Domain Specific Sensors
He also revealed that Reality Labs has already begun work to this end, and has even created a prototype camera sensor that’s specifically designed for the low power, high performance needs of AR glasses.
The sensor uses an array of so-called digital pixel sensors which capture digital light values on every pixel at three different light levels simultaneously. Each pixel has its own memory to store the data, and can decide which of the three values to report (instead of sending all of the data to another chip to do that work).
This doesn’t just reduce power, Abrash says, but also drastically increases the sensor’s dynamic range (its ability to capture dim and bright light levels in the same image). He shared a sample image captured with the company’s prototype sensor compared to a typical sensor to demonstrate the wide dynamic range.
In the image on the left, the bright bulb washes out the image, causing the camera to not be able to capture much of the scene.
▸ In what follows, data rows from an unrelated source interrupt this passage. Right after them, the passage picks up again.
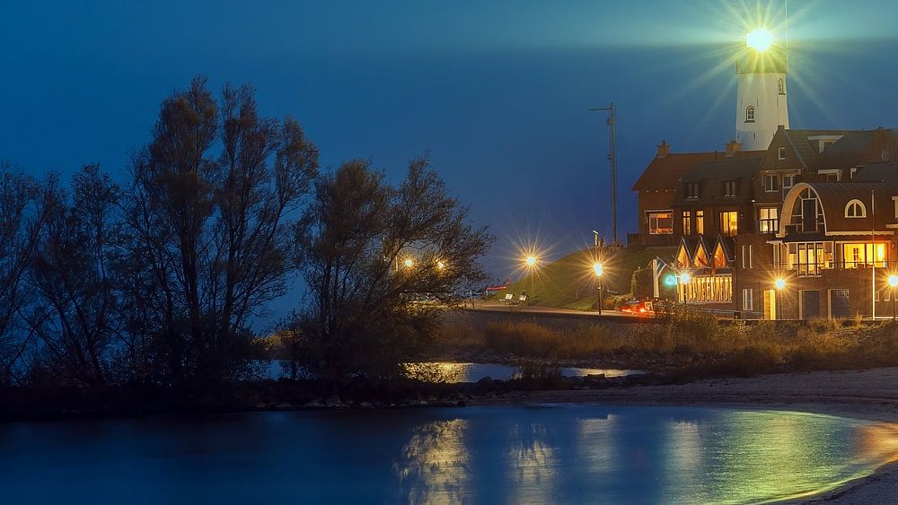 De vuurtoren van Urk heeft nieuwe led lampen. Foto gemaakt tijdens het blauwe "uurtje" dat geen uurtje is, meer een kwartier ;-) De verlichting reflecteert mooi in het water van het IJsselmeer.
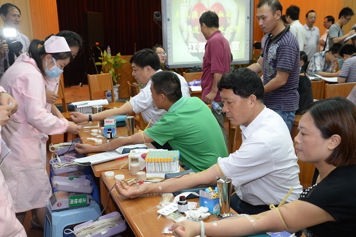 建控系統組織無償獻血活動 時間:2014-07-304209 每年組織干部職工參加全市無償獻血活動已成為建工控股公司長年堅持的一項精神文明建設的常態工作。自2002年以來,公司連續12年被上級評為無償獻血先進單位。 7月29日上午,公司再次組織系統干部職工在公司一樓會議室參加無償獻血活動。此次活動得到了系統各單位大力支持,建控公司領導吳士茂、錢啟明帶頭參加,系統共有164名干部職工參加了無償獻血活動。值得一提的是,江蘇華建員工陳剛,已連續7年捐獻血小板,每年捐獻6次,總獻血量已超過一萬毫升,為系統員工樹立了榜樣。
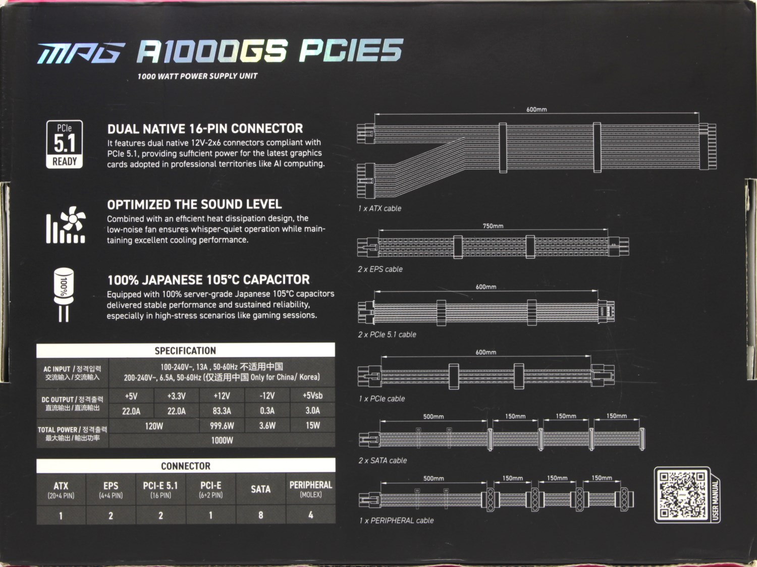 С обратной стороны информации больше. Здесь есть изображение кабелей с отмеченной длиной, таблица с количеством разъёмов и спецификация. Всё это также можно найти на сайте производителя. Кроме этого, продублирована информация о том, что блок соответствует ATX 3.1 и поддерживает разъём 12VHPWR в модификации 12V-2х6.

The image on the right, on the other hand, can not only see the extreme brightness of the lightbulb’s filament in detail, it can also see other parts of the scene.
This wide dynamic range is essential to sensors for future AR glasses which will need to work just as well in low light indoor conditions as sunny days.
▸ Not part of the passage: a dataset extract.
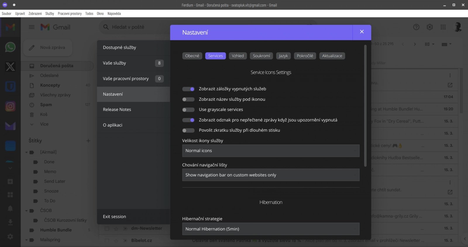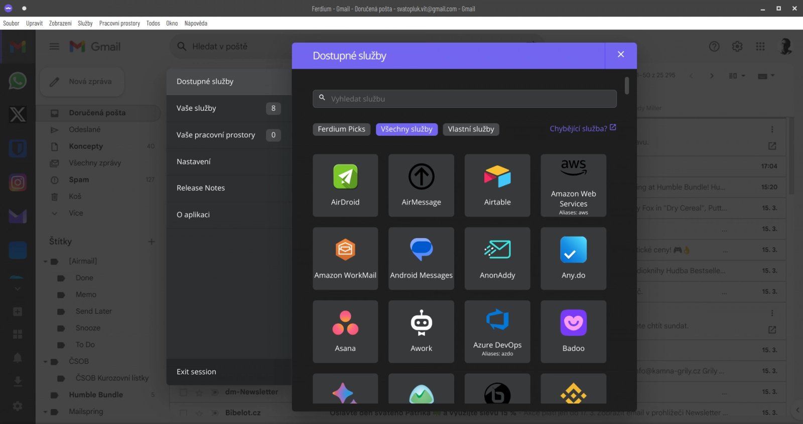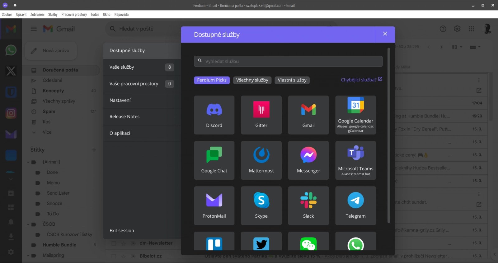 Ferdium v základu nabízí propojení na 200 různých webů/aplikací/služeb. Své osobní portfolio dvou služeb jsem však rázem rozšířil – mám tam nejenom WhatsApp a Twitter/X, ale i Gmail, ProtonMail a Bitwarden, Discord, GitHub, YouTube, YouTubeMusic, Jamendo a patrně bych asi dokázal připojit i více.

Even with the HDR benefits of Meta’s prototype sensor, Abrash says it’s significantly more power efficient, using just 5mW at 30 FPS (just under 25% of what a typical sensor would draw, he claims). And it scales well too; though it would take more power, he says the sensor can capture up to 480 frames per second.
But, Meta wants to go even further, with even more complex compute happening right on the sensor.
“For example, a shallow portion of the deep neural networks—segmentation and classification for XR workloads such as eye-tracking and hand-tracking—can be implemented on-sensor.”
But that can’t happen, Abrash says, before more hardware innovation, like the development of ultra dense, low power memory that would be necessary for “true on-sensor ML computing.”
While the company is experimenting with these technologies, Abrash notes that the industry at large is going to need to come together to make it happen at scale. Specifically he says “the development of MRAM technologies by [chip makers] is a critical element for developing AR glasses.”
“Combined together in an end-to-end system, our proposed distributed architecture, and the associated technology I’ve described, have potential for enormous improvements in power, area, and form-factor,” Abrash sumises. “Improvements that are necessary to become comfortable and functional enough to be a part of daily life for a billion people.”